PHOTO ESSAY: One woman’s journey with lupus, the disease of 1,000 faces
Ruth Wilson doesn’t look sick yet: “she hurts everywhere, all the time” – because her immune system is attacking her own body.
This Massachusetts woman suffers from lupus, nicknamed the disease of 1,000 faces because of the variety of its symptoms – one of several autoimmune diseases that affect tens of millions of people and constitute a great medical mystery. Today, researchers are decoding the biology of these debilitating diseases in hopes of eventually treating the causes, not just the symptoms.
Wilson’s journey offers a glimpse of the burden.
It took six years of symptoms – fever, rash, pain, swelling and, ultimately, the onset of kidney failure – for the diagnosis to be made. More than a decade later, Wilson relies on a handful of pills each morning and monthly IV therapy to alleviate — not eliminate — an often invisible chronic illness.
“You look normal. People see you and don’t think you have this horrible disease,” said Wilson, of Littleton, Massachusetts. Sometimes healthy people “pretend to be sick so they don’t have to go to work. We pretend to be healthy so we can keep doing the things we want to do.”

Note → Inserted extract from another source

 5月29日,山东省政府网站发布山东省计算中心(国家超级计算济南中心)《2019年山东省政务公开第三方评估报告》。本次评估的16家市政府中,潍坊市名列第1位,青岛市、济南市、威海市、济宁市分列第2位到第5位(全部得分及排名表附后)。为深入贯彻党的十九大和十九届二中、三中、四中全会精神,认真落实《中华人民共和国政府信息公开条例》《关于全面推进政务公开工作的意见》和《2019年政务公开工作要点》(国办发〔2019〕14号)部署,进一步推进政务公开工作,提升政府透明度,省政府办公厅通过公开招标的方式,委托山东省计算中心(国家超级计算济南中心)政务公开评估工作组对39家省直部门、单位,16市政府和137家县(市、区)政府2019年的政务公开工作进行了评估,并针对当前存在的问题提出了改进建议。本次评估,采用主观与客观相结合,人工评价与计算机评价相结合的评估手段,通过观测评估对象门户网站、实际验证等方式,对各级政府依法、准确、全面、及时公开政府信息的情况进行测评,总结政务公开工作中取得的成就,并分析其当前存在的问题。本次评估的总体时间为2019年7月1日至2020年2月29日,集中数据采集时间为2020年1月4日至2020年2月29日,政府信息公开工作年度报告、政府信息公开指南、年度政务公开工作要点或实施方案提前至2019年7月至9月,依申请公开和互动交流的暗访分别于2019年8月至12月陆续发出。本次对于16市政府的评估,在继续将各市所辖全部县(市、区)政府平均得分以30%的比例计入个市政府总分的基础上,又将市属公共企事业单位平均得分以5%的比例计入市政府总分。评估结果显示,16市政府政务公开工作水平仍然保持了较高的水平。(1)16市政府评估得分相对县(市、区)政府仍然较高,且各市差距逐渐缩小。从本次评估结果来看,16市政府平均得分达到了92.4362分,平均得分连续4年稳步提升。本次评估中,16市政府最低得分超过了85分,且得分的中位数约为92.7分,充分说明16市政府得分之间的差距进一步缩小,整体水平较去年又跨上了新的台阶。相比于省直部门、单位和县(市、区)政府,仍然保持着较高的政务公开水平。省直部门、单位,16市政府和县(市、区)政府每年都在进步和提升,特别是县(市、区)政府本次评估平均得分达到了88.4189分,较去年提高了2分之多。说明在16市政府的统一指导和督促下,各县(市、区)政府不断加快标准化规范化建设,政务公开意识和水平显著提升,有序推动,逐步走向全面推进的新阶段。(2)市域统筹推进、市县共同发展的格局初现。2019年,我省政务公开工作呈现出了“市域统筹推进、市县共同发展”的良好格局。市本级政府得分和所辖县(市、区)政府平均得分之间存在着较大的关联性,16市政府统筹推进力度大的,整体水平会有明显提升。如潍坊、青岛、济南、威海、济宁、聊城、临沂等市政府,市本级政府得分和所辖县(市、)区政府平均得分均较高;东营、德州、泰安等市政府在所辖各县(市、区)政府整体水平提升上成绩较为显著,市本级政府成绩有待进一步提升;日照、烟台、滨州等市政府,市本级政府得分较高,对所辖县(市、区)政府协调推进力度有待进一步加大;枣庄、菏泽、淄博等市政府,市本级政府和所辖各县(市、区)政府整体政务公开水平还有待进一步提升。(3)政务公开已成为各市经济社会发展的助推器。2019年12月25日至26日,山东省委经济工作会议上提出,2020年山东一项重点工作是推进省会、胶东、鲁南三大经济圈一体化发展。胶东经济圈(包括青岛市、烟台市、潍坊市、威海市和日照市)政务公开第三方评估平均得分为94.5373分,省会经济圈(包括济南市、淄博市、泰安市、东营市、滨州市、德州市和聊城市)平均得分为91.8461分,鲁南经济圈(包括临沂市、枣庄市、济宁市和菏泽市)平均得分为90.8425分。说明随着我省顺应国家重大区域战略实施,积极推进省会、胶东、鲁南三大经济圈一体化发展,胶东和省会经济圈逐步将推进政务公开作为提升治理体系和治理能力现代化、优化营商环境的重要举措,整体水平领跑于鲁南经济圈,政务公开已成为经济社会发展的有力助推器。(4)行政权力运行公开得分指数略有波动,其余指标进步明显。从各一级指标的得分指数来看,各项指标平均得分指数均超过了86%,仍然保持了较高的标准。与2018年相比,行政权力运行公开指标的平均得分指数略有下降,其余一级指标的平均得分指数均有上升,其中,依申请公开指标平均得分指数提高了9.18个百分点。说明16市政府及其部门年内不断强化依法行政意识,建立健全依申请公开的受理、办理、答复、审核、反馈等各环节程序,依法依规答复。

His daily pain, fatigue, and brain fog wax and wane. The “flare-ups” are worse: the symptoms worsen suddenly and markedly. For Wilson, they lead to sudden high fevers, legs too swollen to walk, more intense pain. They impact her work in a medical laboratory and the time she spends with her husband, teenage son and college-aged daughter.
Wilson has learned that too much sun is one of his triggers. So a family visit to the beach means lots of sunscreen, a big hat and long sleeves.
Every time a flare-up occurs, Wilson pricks his finger to take a blood sample. This is part of a study being conducted by the Lupus Research Alliance to better understand variations in the disease.